Читать книгу The Hellenistic World - F. Walbank W. - Страница 18
4. The Hellenistic World:A Homogeneous Culture? I
ОглавлениеTowards the middle of the third century the inhabitants of a Greek city lying at the site of Ai Khanum beside the river Oxus (mod. Amu Darya) on the northern frontier of Afghanistan (its name is unknown) erected in a shrine in the middle of the city a pillar inscribed with a list of some 140 moral maxims copied from a similar pillar which stood near the shrine of Apollo at Delphi, over 3000 miles away. An adjoining verse inscription reads:
These wise words of famous men of old are consecrated in holy Pytho. Thence Clearchus took them, copying them with care, to set them shining from afar in the sacred enclosure of Cineas (Robert, CRAI (1968), 422 = Austin, 192).
Cineas – his name suggests that he was probably a Thessalian – will have been the city’s founder to whom the shrine was dedicated, and Clearchus has been identified by Robert as the Aristotelian philosopher, Clearchus of Soli, a man with an interest both in Delphi and in the religion and philosophy of the Indian gymnosophists, the Persian magi and the Jewish priests.
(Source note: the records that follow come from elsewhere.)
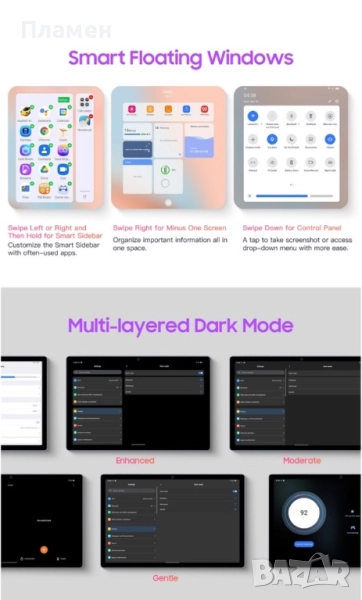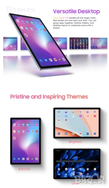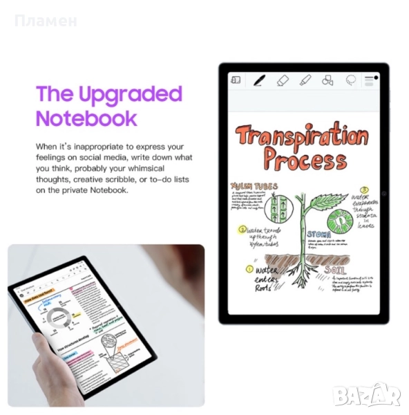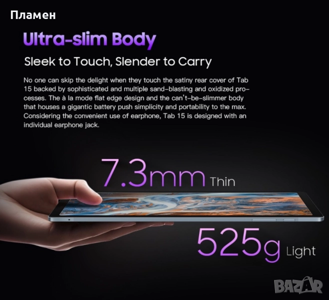 Таблетът има тънък и елегантен метален корпус в сив цвят който придава стилен и професионален вид Подходящ е за ученици студенти професионалисти и всеки който търси надежден таблет с голям екран висока производителност и издръжлива батерия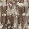 Szalvéta Szürkés fa mintázaton fehér stencil mintás fenyők, állatok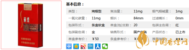 | 類型 :烤煙型 | 焦油量 :11mg | 煙氣煙堿量 :1mg | 一氧化碳量 :11mg |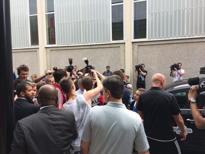 DR besøgte lejren forud for deres første EM-kamp mod Slovakiet, og stemningen, her en lille måned efter, er fuldstændig den samme: En afslappet attitude, hvor alle er velkomne, hvor Bale bare er en af ”the lads” og hvor der ikke langt til grin og glæde.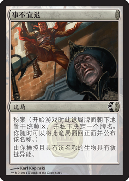 这些诡局要求你在比赛开始前私下决定一个牌名。通常最简单的方法是写在一张纸上,并将它和这张面朝下的诡局放在一起。但愿你能说出一个自己选到很多张的牌名。游戏中,每次你有优先权时,你可以将诡局牌翻回正面,并展示所决定的名称,以及该名称的牌将因此诡局牌获得何种好处。想像一下对手脸上会是何种表情:他发现了你的生物其实具有敏捷异能,或者...嗯,其他秘密异能。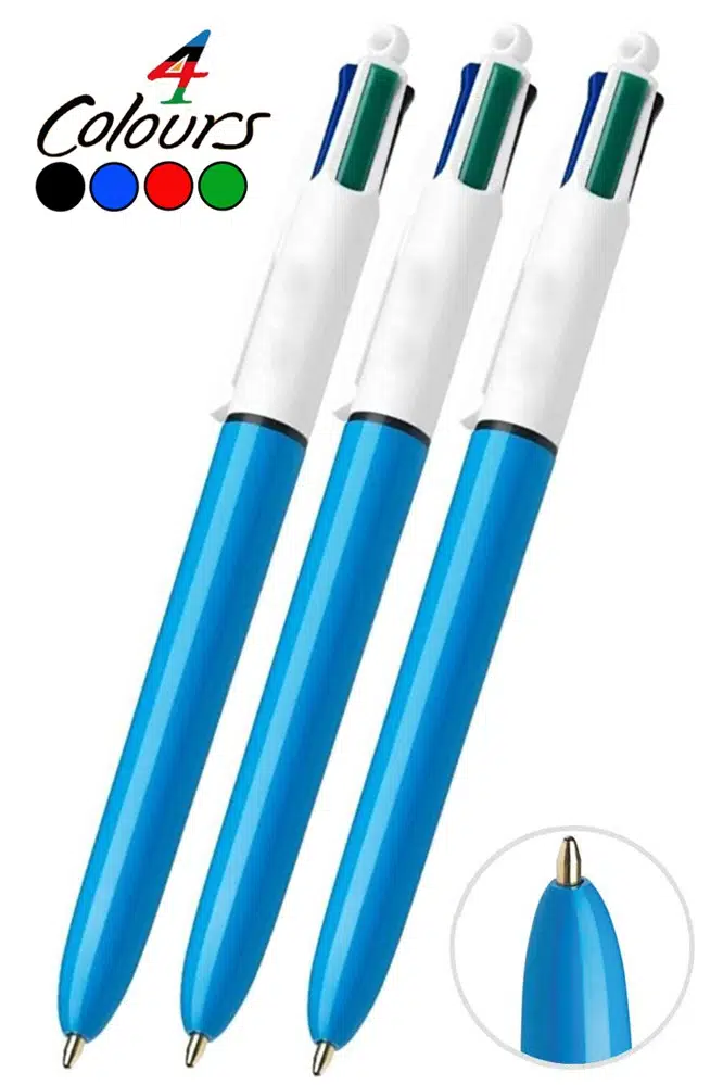 Ürün Adı: 4 Renk Tükenmez Kalem 3 Adet Bic Dört Renk Tükenmez Kalem Siyah Mavi Kırmızı Yeşil Basmalı Yaylı Otomatik Büro Ofis Okul

If this Clearchus was indeeed he, we have here our first indication that he made a journey to the far east and there found distant Greek communities ready to hear him lecture and, at his prompting, to inscribe an authenticated copy of Delphic wisdom in the shrine of the city’s founder. To set up Delphic maxims, often in a gymnasium, was a common practice. Examples are known from Thera (IG, xii 3, 1020) and Miletopolis in Mysia (Syll., 1268). The list at Ai Khanum is fragmentary and in fact only five maxims now survive, but comparable lists elsewhere enabled the French epigraphist, Louis Robert, to reconstitute the whole collection – a striking illustration of how an inscription, of which the greater part is lost, can occasionally be restored with virtual certainty. An interesting feature of the Ai Khanum inscription is that despite the remoteness of this city the lettering is not at all crude or provincial. It is of the highest quality and in the best tradition of the Greek lapicide’s craft, worthy of the kingdom of Bactria, which also produced some of the finest Greek coins of the hellenistic period.
This inscription was discovered in 1966, and nearby, in the gymnasium of Ai Khanum, was another, containing a dedication by two brothers, ‘Triballus and Strato, sons of Strato, to Hermes and Heracles’ (Robert, CRAI (1968), 422), who were the patron gods of the gymnasium. Subsequent excavation has revealed the full plan of the gymnasium itself, which incidentally contained a sundial of a type known, but not hitherto found. There was also a theatre holding 5000 spectators and, dating from about 150, a large administrative centre of palatial proportions, in which were found storing vessels labelled in Greek, a mosaic 5.7 metres square and, most remarkable of all, from what was evidently its library, imprinted on fine earth formed from decomposed wall-bricks, the traces of a still partially legible text from a now perished piece of papyrus, which was evidently a page in a philosophical work which appears to have been written by a member of the Aristotelian school (of which Clearchus himself was a member). These finds confirm the picture of a city in which, despite its later isolation, Greek traditions continued strong right down to the time of its destruction by the nomads of the steppes in the second half of the second century.
But Ai Khanum was not the first site to furnish epigraphical evidence for a strong hellenic presence in Bactria, for only a few years earlier two Greek inscriptions, one with an Aramaic counterpart, had been found at Kandahar (see Schlumberger, CRAI (1964), 126–40). These contained fragments of the moralizing edicts of the Mauryan king Asoka and they too were elegantly carved and in an excellent Greek, which betrayed an intimate knowledge of the vocabulary of Greek philosophy and considerable skill in adapting it to render the thoughts of a Buddhist convert. Anxious to convey his lessons to those living in what now formed part of his dominions, Asoka used Aramaic, the official language of the Persian empire, and of course Greek. More recently a further Greek inscription has been found in Kandahar and more can be expected.
This use of Greek, in the popular cosmopolitan form called the koine, the ‘common tongue’, is characteristic of the whole vast area covered by Alexander’s conquests. It pays no heed to the later frontiers and serves to bind the whole into a single cultural continuum. Its prevalence is the result not merely of political domination, but also of a great movement of colonization which began under Alexander and continued in full spate until about 250, after which it slackened off. Ai Khanum has provided clear evidence of this, for a study of the traces of habitation in a wide area around this city has shown it to be virtually unpopulated under the Achaemenid kings, but with a dense population in hellenistic times.